El roble ambarino de mi pueblo



                           

El roble ambarino de mi pueblo, por ahora en diciembre, anuncia la fiesta navideña y se suma a ella vestido de luces; el ambarino, su colorido último, que es otra forma de renacer.

El roble es el árbol emblemático de mi pueblo. Por donde quiera que  vayas, los robles te acompañan. Es un roble rechoncho, que se ha distinguido por su resistencia a las intemperies, que ha nacido para quedarse, así sea entre lastras donde sus raíces flirtean con las piedras y cantos rodados que aprisiona entre sus tentáculos para subsistir.  Se ha batido con las cencelladas, con la nieve y el hielo, con el cierzo, con el estío sofocante y guerreado con la sequía pertinaz, nunca se ha amilanado, y triunfó. Por eso su madera es dura como el pedernal, parejo a su prima hermana la encina.
Es nuestro roble; rechoncho, señorial en su juventud y achacoso en su vejez que, sin embargo, su cuerpo arrugado, resquebrajado por dentro, da cobijo a colonias de hormigas que encuentran en sus entrañas la protección en un ambiente climatizado: es un roble solidario.
No es roble de madera para hacer toneles, no, para eso está el roble francés, que es más corpulento, más altivo; ya se sabe: los franceses son así. Pero nuestro roble cumple con creces su misión. Siempre nos acompaña: Desde la cuna hecha con su madera, hasta en la despedida de este mundo, de cuya madera, el tío Juan “Carretero”, hacedor de carros y excelente carpintero, conseguía unas tablas para el féretro, a falta de madera de pino.
 De modo que nuestro roble nació para morir con nosotros. Que el invierno se ponía terco y montaraz, ahí estaba el roble proporcionando leña para la lumbre, para el horno, para hacer cisco, madera para los anaqueles en la cocina, para el tajo donde se sacrificaba el cerdo, para el escabel de la cocina, para tajuelas y artesas. Siempre el roble salía al paso para aliviarnos nuestro paso en el tiempo.
En la primavera se vestía de verde roble, claro está, y sus ramas daban cobijo a las aves, las tórtolas anidaban y criaban sus pichones, y alzaban el vuelo triunfantes, aunque no siempre, porque los chavales más de una vez le hurtamos un polluelo para admirar su corbata de adulto en la jaula.
En verano el roble con su  frondoso ramaje, proporcionaba sombra a los segadores donde encontraban el frescor reconfortante a la hora del almuerzo reparador: cocido al canto, queso, chorizo y lomo.
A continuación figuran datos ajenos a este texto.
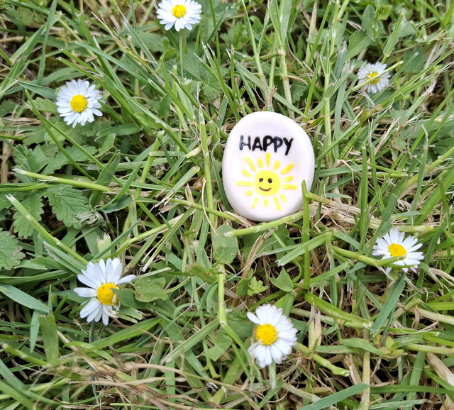 « Happy » avec un soleil souriant.
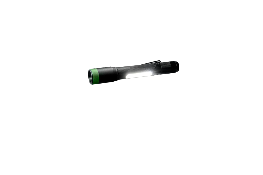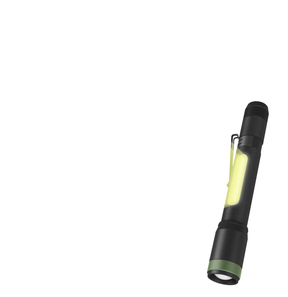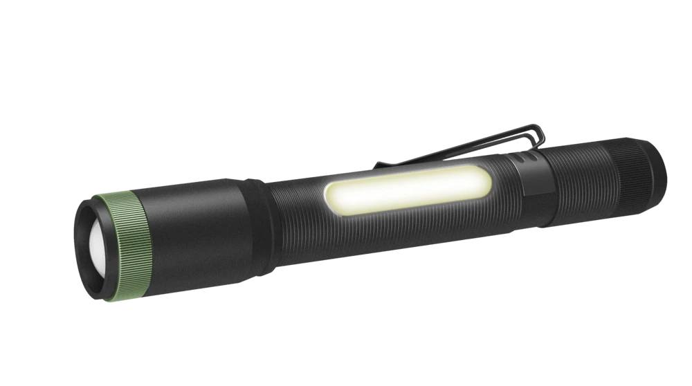 Middels kraftig arbeidslommelykt med to lyskilder: i kortenden og på langsiden. Variabelt lommelyktlys. Lese- og arbeidslys på langsiden. Magnetfeste i kortenden.
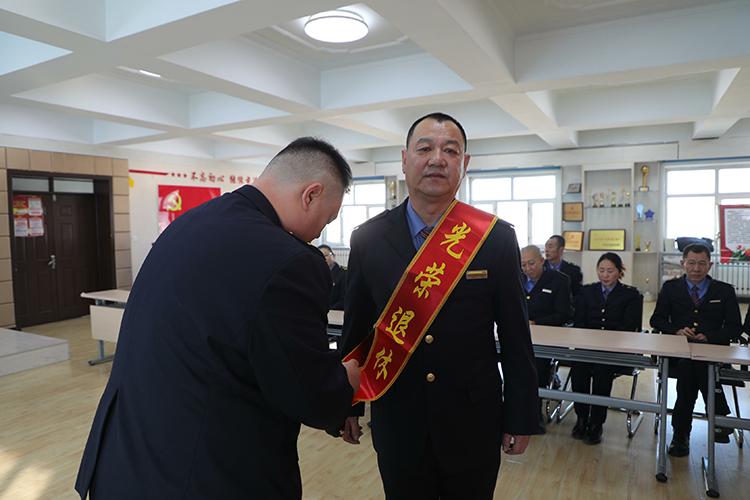 歡送會由班組車長董鵬主持,車長李超走上前,親手為馮春生同志戴上了象征光榮退休的紅色綬帶和鮮艷的大紅花。這一刻,馮春生同志眼中閃爍著激動的光芒,這綬帶與紅花,不僅是對他數(shù)十年如一日堅守崗位的肯定,更是對一段無悔職業(yè)生涯的最高致敬。
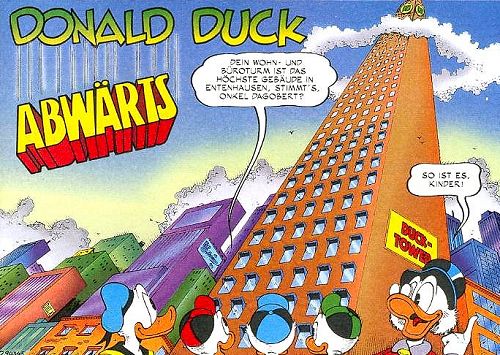 HintergrundinfosAllgemeinesEs gibt im gesamten Comic keinen einzigen offiziellen Hinweis auf die Anzahl der Stockwerke. Der Wolkenkratzer ist einfach »groß« und hat mehr als 73 Stockwerke. Wie komme ich aber nun auf 83 Stockwerke? Nun, auf Seite 2 Bild 8 drückt Donald im Aufzug einen Knopf. Er landet daraufhin auf Seite 3 Bild 2 im 73. Stock. In jedem deutschen Lift ist die Stockwerkfolge U, E, 1, 2, 3... im Lift von unten nach oben, was ja auch irgendwie logisch ist. Wenn also der Knopf, auf den Donald drückt, die 73 ist, addiert man zu dieser Zahl die folgenden Knöpfe (10) und heraus kommt 83. Beweisführung: Na klar, Don Rosa kann sich diesen Unsinn auch aus den Fingern gesogen haben, es kann auch Zufall sein, aber wenn wir uns noch einmal die Knöpfe am Lift ansehen...
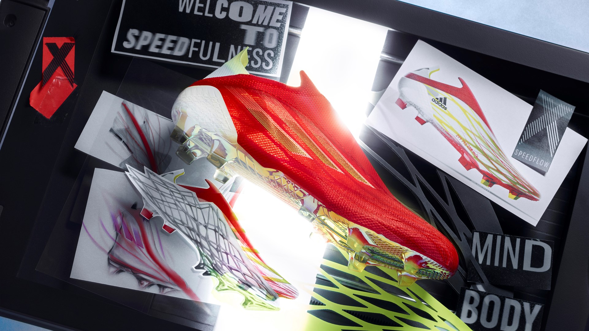 가장 의미 있는 점은, 이번 엑스 스피드플로우를 개발하며 ‘스피드’가 신체적 관점뿐 아니라 심리적 관점에서 축구 경기에 어떠한 영향을 미치는지를 고려하였다는 것이다. 아디다스는 선수들이 완벽히 경기에 집중하여 빠른 판단력과 보다 쉽게 스피드를 끌어 올릴 수 있는 상태를 일컬어 ‘스피드풀니스(SPEEDFULNESS)’라는 새로운 용어를 탄생시켰다. 엑스 스피드플로우는 선수들이 경기에 완전히 몰입하여 상상보다 빠른 스피드의 신세계를 경험할 수 있게 해준다.
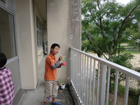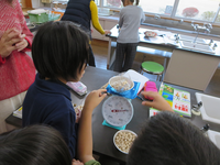 まずはシャボン玉で練習をしてから、こんどは画用紙に向かいました。
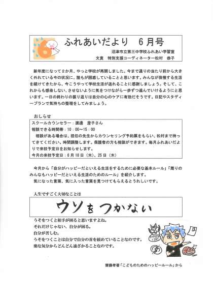 ふれあい学習室からのお知らせです。スクールカウンセラーさんの来校する日程が記入してありますので、御確認ください。
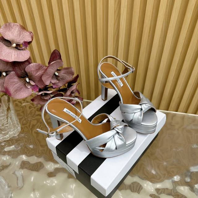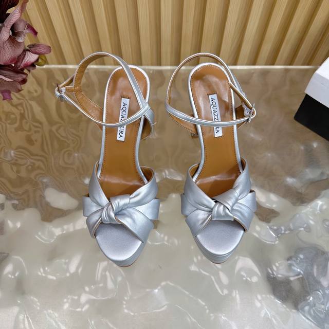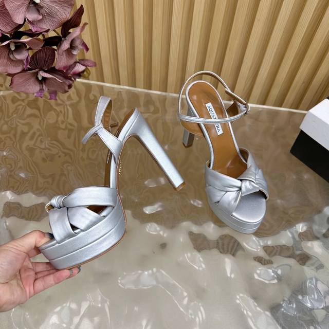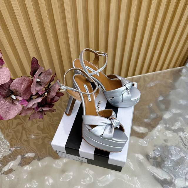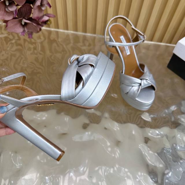 Aquazzura 菠萝牌2025新款防水台真丝钢珠凉鞋 顶级版本
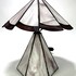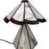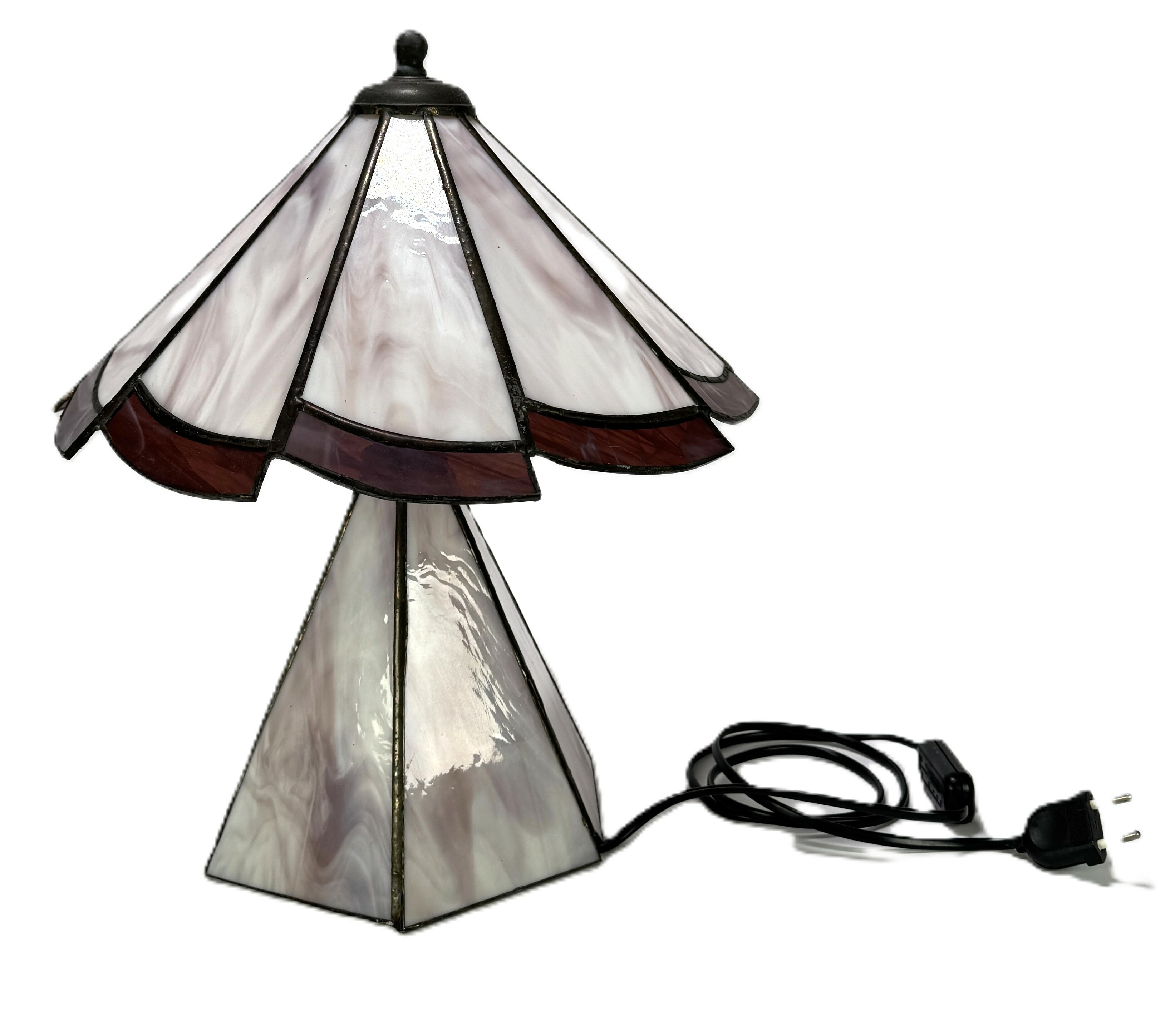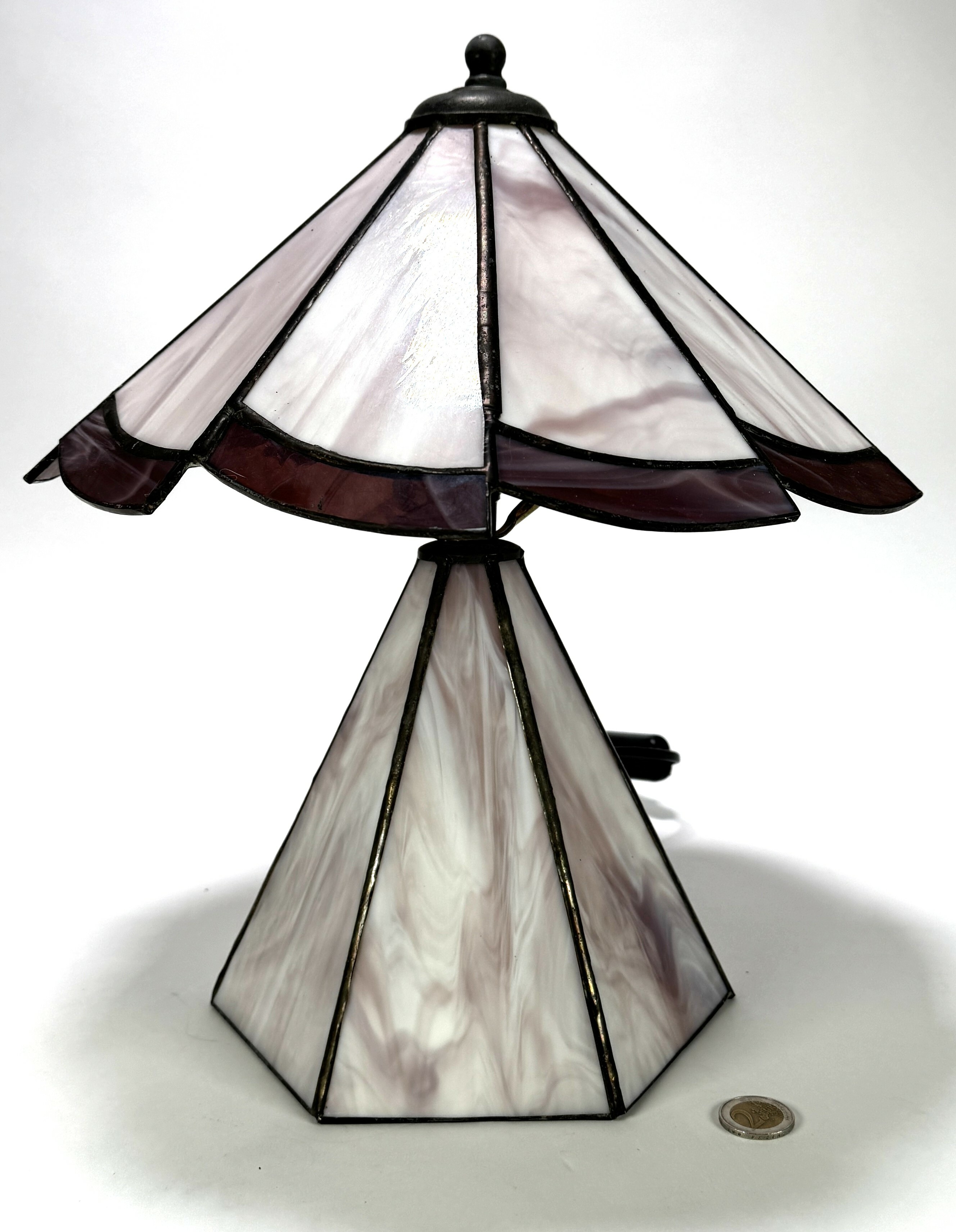 Lamp in Tiffany-stijl, vervaardigd uit glas-in-lood met een geometrisch decor van paarse en melkwitte glaspanelen. De kap toont een repetitief patroon van ruitvormige segmenten boven een voet in piramidevorm. De lamp dateert uit het laatste kwart van de 20e eeuw en heeft een Europese herkomst. Klaar om te bieden? Registreer je nu en doe mee aan de veiling! |
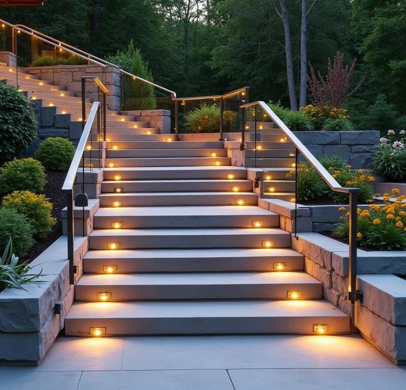 Good lighting for outdoor stairs further enhances safety when the sun goes down. Strategically placed outdoor stair lighting, such as LED strips under each step or fixtures mounted along the railing, guides the way after dark. Adding these lighting features to your patio stairs highlights your steps as an attractive focal point and encourages safer movement between levels in your yard.
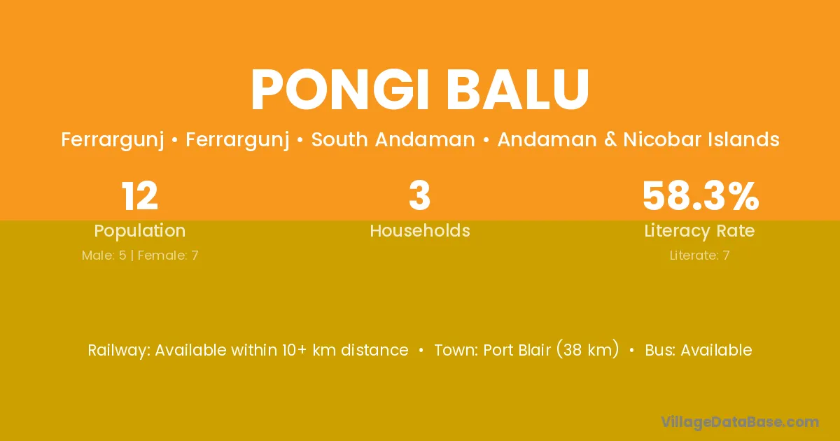 Port Blair (38 km) is the nearest town to Pongi Balu village for major economic activities and is located approximately 38 km away.
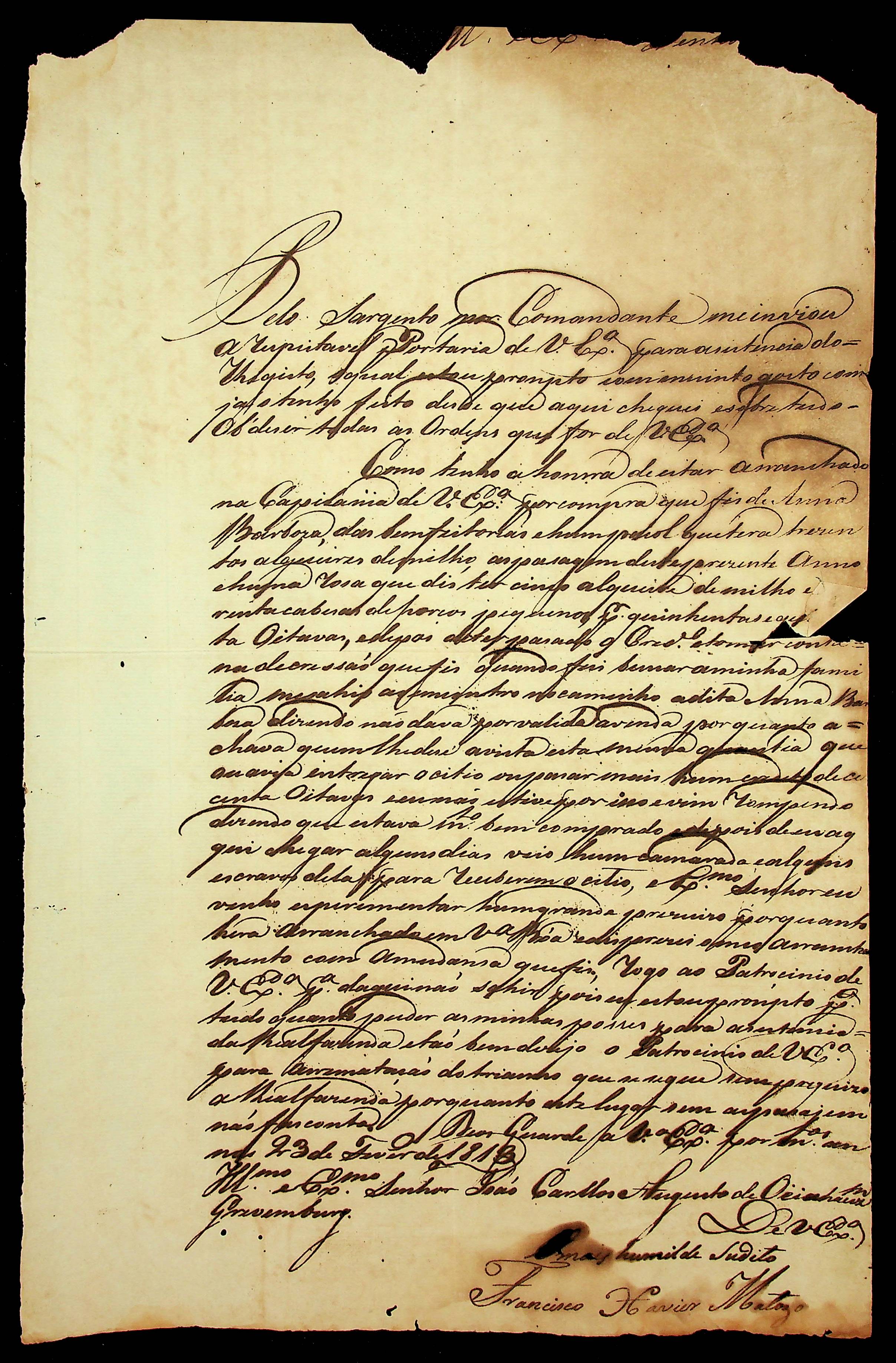 CARTA de Francisco Xavier Matozo ao [Governador e Capitão-General da Capitania de Mato Grosso] João Carlos Augusto D’Oeynhausen e Gravemberg.
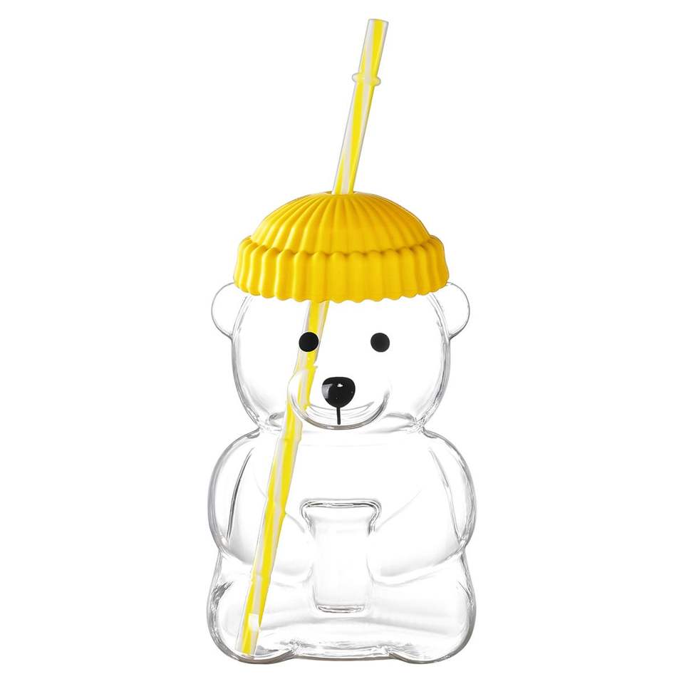 Bicchiere in Vetro Borosilicato Resistente al Calore con Cannuccia, 20 OZ, Design Orsetto Giallo, per Succhi, Latte e Bevande Fredde
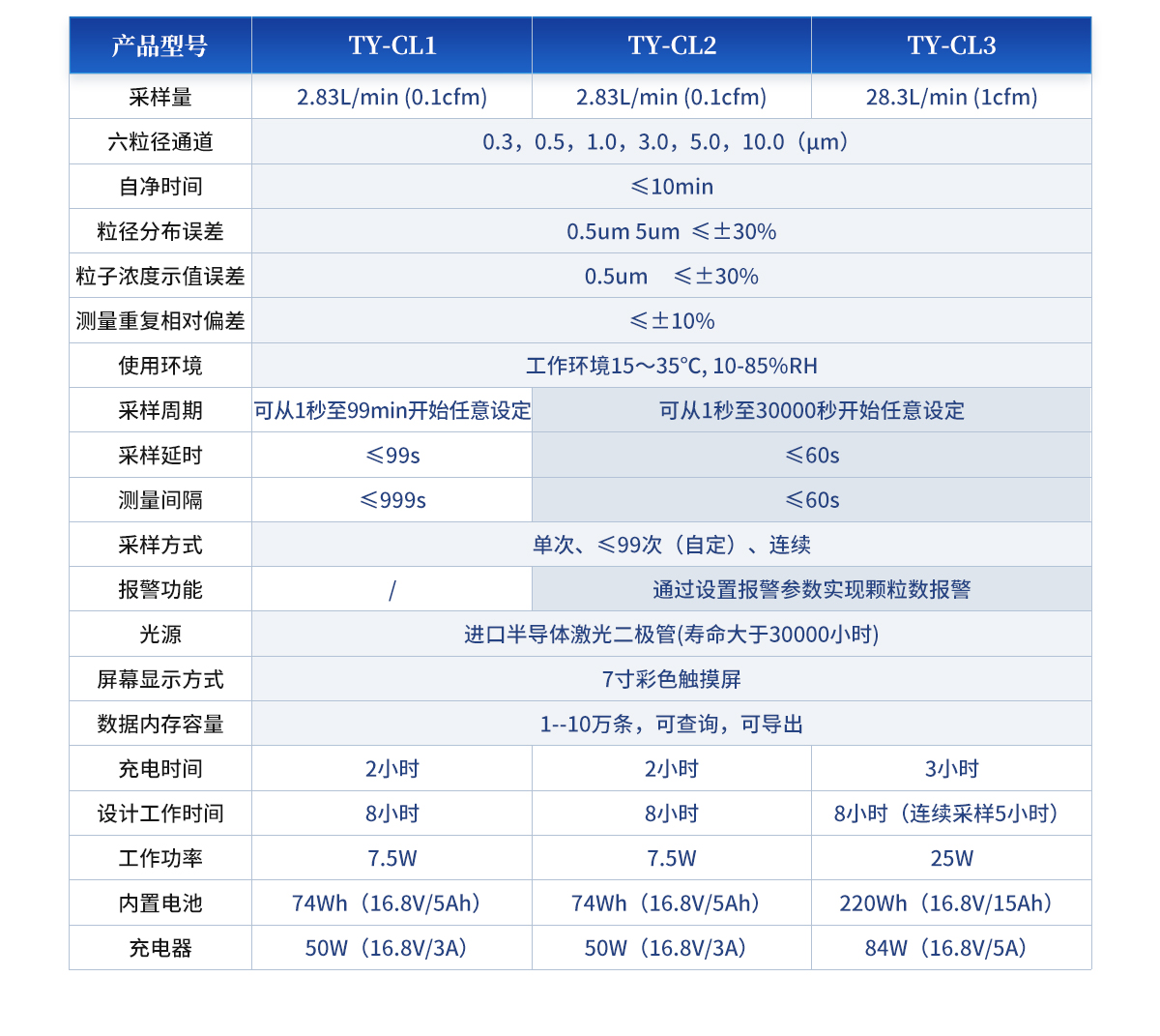 | 采樣量:2.83L/min (0.1cfm) | 六粒徑通道:0.3,0.5,1.0,3.0,5.0,10.0(μm) | 自凈時(shí)間:≤10min | 粒徑分布誤差:0.5um 5um ≤±30% | 粒子濃度示值誤差:0.5um ≤±30% | 測(cè)量重復(fù)相對(duì)偏差:≤±10% | 使用環(huán)境:工作環(huán)境15~35℃, 10-85%RH | 采樣周期:可從1秒至30000秒開(kāi)始任意設(shè)定 | 采樣延時(shí):≤60s | 測(cè)量間隔:≤60s | 采樣方式:?jiǎn)未?、?9次(自定)、連續(xù) | 報(bào)警功能:通過(guò)設(shè)置報(bào)警參數(shù)實(shí)現(xiàn)顆粒數(shù)報(bào)警 | 光源:進(jìn)口半導(dǎo)體激光二極管(壽命大于30000小時(shí)) | 屏幕顯示方式:7寸彩色觸摸屏 | 數(shù)據(jù)內(nèi)存容量:1--10萬(wàn)條,可查詢,可導(dǎo)出。 | 充電時(shí)間:2小時(shí) | 設(shè)計(jì)工作時(shí)間:8小時(shí) | 平均功率:7.5W | 內(nèi)置電池:74Wh(16.8V/5Ah) | 充電器:50W(16.8V/3A) |

En septiembre alumbraba su fruto, el verde bellota despuntaba en sus ramas, bellotas para los chanchos, como decía mi abuelo Ángel a los cerdos, que así se llaman también. De modo que nuestro roble, antes de  despedirse para hibernar con nosotros, nos ofrece su último aroma, su último traje de luces: es nuestro querido roble ambarino.